_WHAT YOU WILL DO:_
From the line containing "속에서 가족과의 시간 |" through the last line of the entries below, transcribe each line exactly, excluding any picture.

_INPUT FOR THIS TASK:_
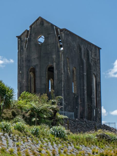 Pit Rim Walkway at the Waihi Martha Mine, currently owned and operated by the australian company OceanaGold. Open mining is a thing of the past, today there’s only one entrance left that leads to a net of underground tunnels. Part of the roads (on the left) is already collapsed.Must have been like building the pyramids, just inverse. We can but wonder how much gravel (and gold) has been extracted from this site to come this far.The old pumphouse.“Charging” walk through Waihi township.Memorial Hall.Murals: An advertising for Waihi Art School, how clever.For your bach at home!Decorative corner.Is the painting girl looking up to the horse or vice versa?It’s almost time for lunch *grumbling stomach agrees*Just a few more photos!Almost back at the charger.The Rob Roy.And us! Finally putting these saussages on a grill. Also available: Sourdough baguette, sauerkraut, leftover rice. All warm and greasy!Enjoy!Our lunch spot today. Mahlzeit!
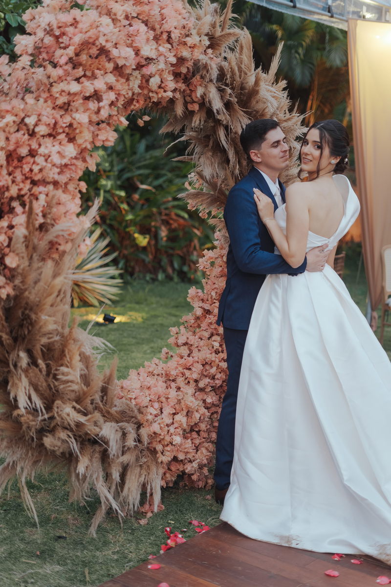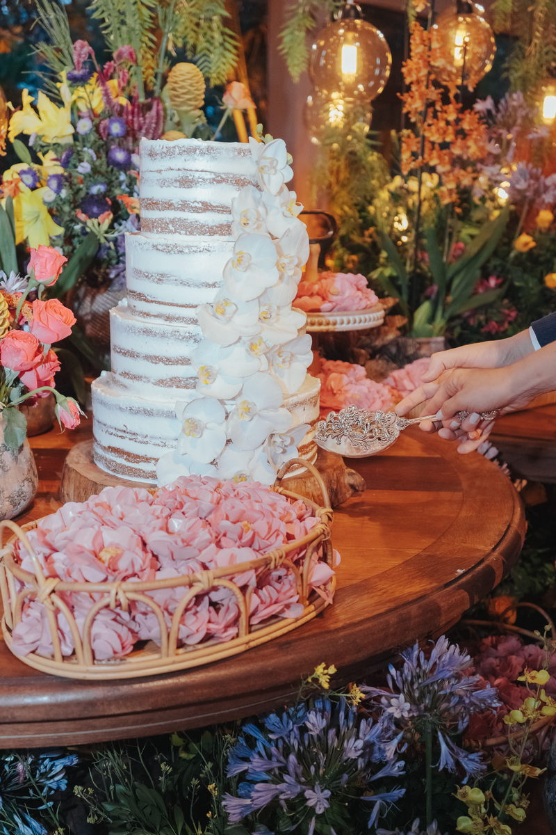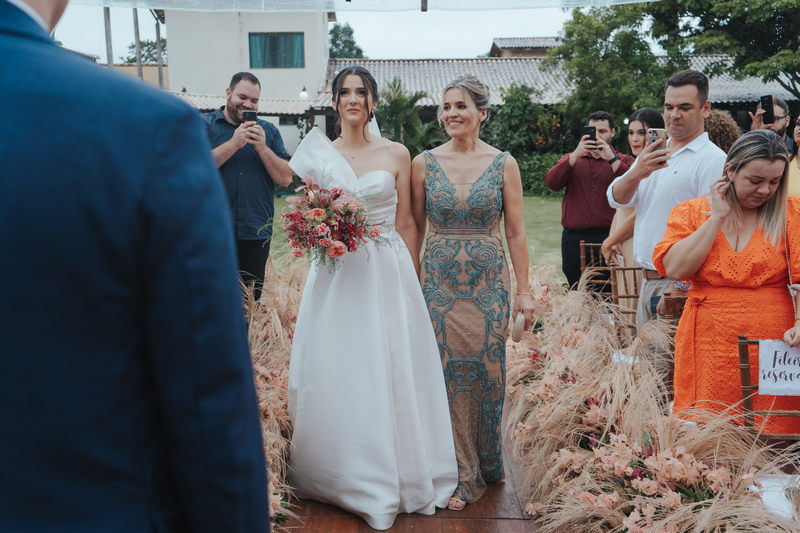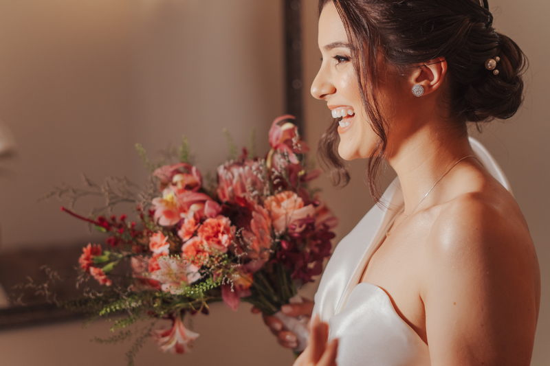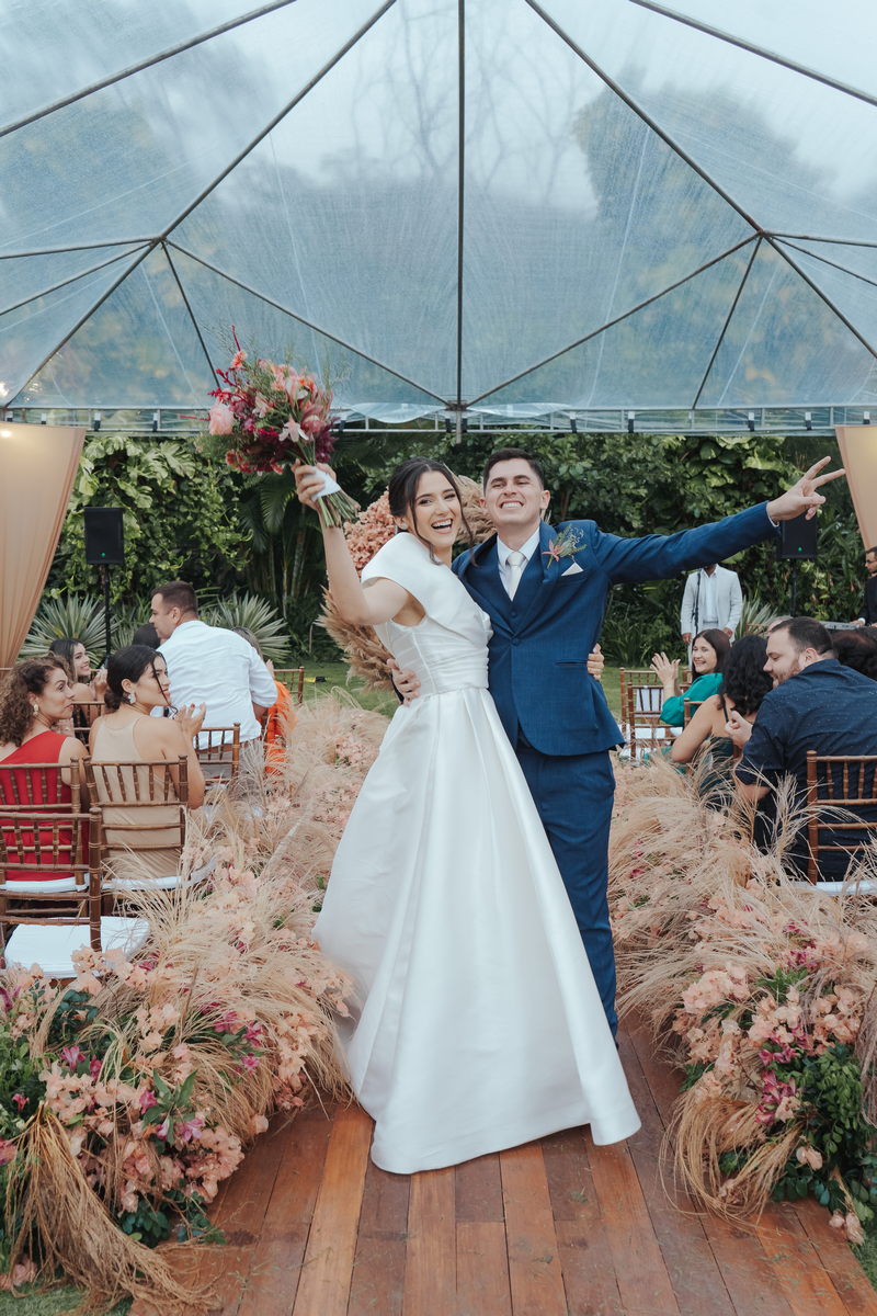 Cada cantinho da festa ficou perfeito, mas temos certeza que o que mais destacou em todo casamento foi a beleza da Fernanda. O vestido de noiva La modelista minimalista com uma manga super diferenciada, trouxe uma elegância única ao look, e combinou perfeitamente com o penteado e maquiagem, sem falar no buquê maravilhoso.
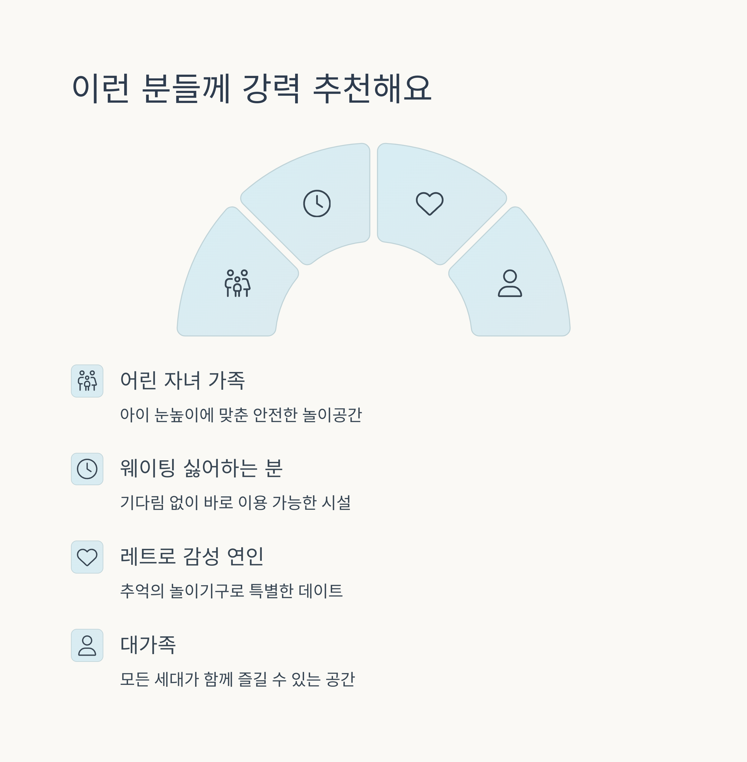 | 대가족이나 유아 동반 가족에게 추천 | 웨이팅 없이 여유롭게 놀이기구 즐김 | 조용한 분위기 속에서 가족과의 시간 |
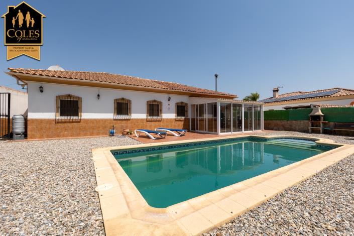 This stunning 4 bedroom 2 bathroom detached villa is located in the desirable La Perla area of Arboleas, boasting a private pool and captivating mountain views. Situated just a 15-minute walk from the village centre, the villa enjoys a peaceful setting on a residents-only road along the scenic rambla front, ensuring both privacy and convenience.
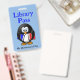 Passage de la bibliothèque de l'école amusante en bleu avec des dessins animés d'un hibou dans des lunettes tenant des livres. Personnalisez le texte personnalisé pour lire ce que vous voulez.
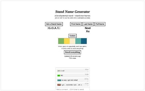 Stand Name Generator. Web generate your very own stand from jojo's bizarre adventure! (go to 'edit' to see the entire list in alphabetical order) get a stand name.

_EXERCISE ANSWER:_
 | 대가족이나 유아 동반 가족에게 추천 | 웨이팅 없이 여유롭게 놀이기구 즐김 | 조용한 분위기 속에서 가족과의 시간 |
 This stunning 4 bedroom 2 bathroom detached villa is located in the desirable La Perla area of Arboleas, boasting a private pool and captivating mountain views. Situated just a 15-minute walk from the village centre, the villa enjoys a peaceful setting on a residents-only road along the scenic rambla front, ensuring both privacy and convenience.
 Passage de la bibliothèque de l'école amusante en bleu avec des dessins animés d'un hibou dans des lunettes tenant des livres. Personnalisez le texte personnalisé pour lire ce que vous voulez.
 Stand Name Generator. Web generate your very own stand from jojo's bizarre adventure! (go to 'edit' to see the entire list in alphabetical order) get a stand name.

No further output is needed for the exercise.